On Mon, Dec 14, 2020 at 11:56:31PM +0100, Ian Kumlien wrote:
> On Mon, Dec 14, 2020 at 8:19 PM Bjorn Helgaas <[email protected]> wrote:
> > If you're interested, you could probably unload the Realtek drivers,
> > remove the devices, and set the PCI_EXP_LNKCTL_LD (Link Disable) bit
> > in 02:04.0, e.g.,
> >
> > # RT=/sys/devices/pci0000:00/0000:00:01.2/0000:01:00.0/0000:02:04.0
> > # echo 1 > $RT/0000:04:00.0/remove
> > # echo 1 > $RT/0000:04:00.1/remove
> > # echo 1 > $RT/0000:04:00.2/remove
> > # echo 1 > $RT/0000:04:00.4/remove
> > # echo 1 > $RT/0000:04:00.7/remove
> > # setpci -s02:04.0 CAP_EXP+0x10.w=0x0010
> >
> > That should take 04:00.x out of the picture.
>
> Didn't actually change the behaviour, I'm suspecting an errata for AMD pcie...
>
> So did this, with unpatched kernel:
> [ ID] Interval Transfer Bitrate Retr Cwnd
> [ 5] 0.00-1.00 sec 4.56 MBytes 38.2 Mbits/sec 0 67.9 KBytes
> [ 5] 1.00-2.00 sec 4.47 MBytes 37.5 Mbits/sec 0 96.2 KBytes
> [ 5] 2.00-3.00 sec 4.85 MBytes 40.7 Mbits/sec 0 50.9 KBytes
> [ 5] 3.00-4.00 sec 4.23 MBytes 35.4 Mbits/sec 0 70.7 KBytes
> [ 5] 4.00-5.00 sec 4.23 MBytes 35.4 Mbits/sec 0 48.1 KBytes
> [ 5] 5.00-6.00 sec 4.23 MBytes 35.4 Mbits/sec 0 45.2 KBytes
> [ 5] 6.00-7.00 sec 4.23 MBytes 35.4 Mbits/sec 0 36.8 KBytes
> [ 5] 7.00-8.00 sec 3.98 MBytes 33.4 Mbits/sec 0 36.8 KBytes
> [ 5] 8.00-9.00 sec 4.23 MBytes 35.4 Mbits/sec 0 36.8 KBytes
> [ 5] 9.00-10.00 sec 4.23 MBytes 35.4 Mbits/sec 0 48.1 KBytes
> - - - - - - - - - - - - - - - - - - - - - - - - -
> [ ID] Interval Transfer Bitrate Retr
> [ 5] 0.00-10.00 sec 43.2 MBytes 36.2 Mbits/sec 0 sender
> [ 5] 0.00-10.00 sec 42.7 MBytes 35.8 Mbits/sec receiver
>
> and:
> echo 0 > /sys/devices/pci0000:00/0000:00:01.2/0000:01:00.0/link/l1_aspm
BTW, thanks a lot for testing out the "l1_aspm" sysfs file.
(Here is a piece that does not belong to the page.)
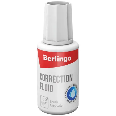 - Основные характеристики Корректирующая жидкость Berlingo, 20мл, водная, с кистью: Тип: Корректирующая жидкость, Объём: 20 мл, Вид аппликатора: Кисть, Морозоустойчивость: Нет. Полный список характеристик доступен на странице товара.

I'm very
pleased that it seems to be working as intended.
> and:
> [ ID] Interval Transfer Bitrate Retr Cwnd
> [ 5] 0.00-1.00 sec 113 MBytes 951 Mbits/sec 153 772 KBytes
> [ 5] 1.00-2.00 sec 109 MBytes 912 Mbits/sec 276 550 KBytes
> [ 5] 2.00-3.00 sec 111 MBytes 933 Mbits/sec 123 625 KBytes
> [ 5] 3.00-4.00 sec 111 MBytes 933 Mbits/sec 31 687 KBytes
> [ 5] 4.00-5.00 sec 110 MBytes 923 Mbits/sec 0 679 KBytes
> [ 5] 5.00-6.00 sec 110 MBytes 923 Mbits/sec 136 577 KBytes
> [ 5] 6.00-7.00 sec 110 MBytes 923 Mbits/sec 214 645 KBytes
> [ 5] 7.00-8.00 sec 110 MBytes 923 Mbits/sec 32 628 KBytes
> [ 5] 8.00-9.00 sec 110 MBytes 923 Mbits/sec 81 537 KBytes
> [ 5] 9.00-10.00 sec 110 MBytes 923 Mbits/sec 10 577 KBytes
> - - - - - - - - - - - - - - - - - - - - - - - - -
> [ ID] Interval Transfer Bitrate Retr
> [ 5] 0.00-10.00 sec 1.08 GBytes 927 Mbits/sec 1056 sender
> [ 5] 0.00-10.00 sec 1.07 GBytes 923 Mbits/sec receiver
>
> But this only confirms that the fix i experience is a side effect.
>
> The original code is still wrong :)
What exactly is this machine? Brand, model, config? Maybe you could
add this and a dmesg log to the buzilla? It seems like other people
should be seeing the same problem, so I'm hoping to grub around on the
web to see if there are similar reports involving these devices.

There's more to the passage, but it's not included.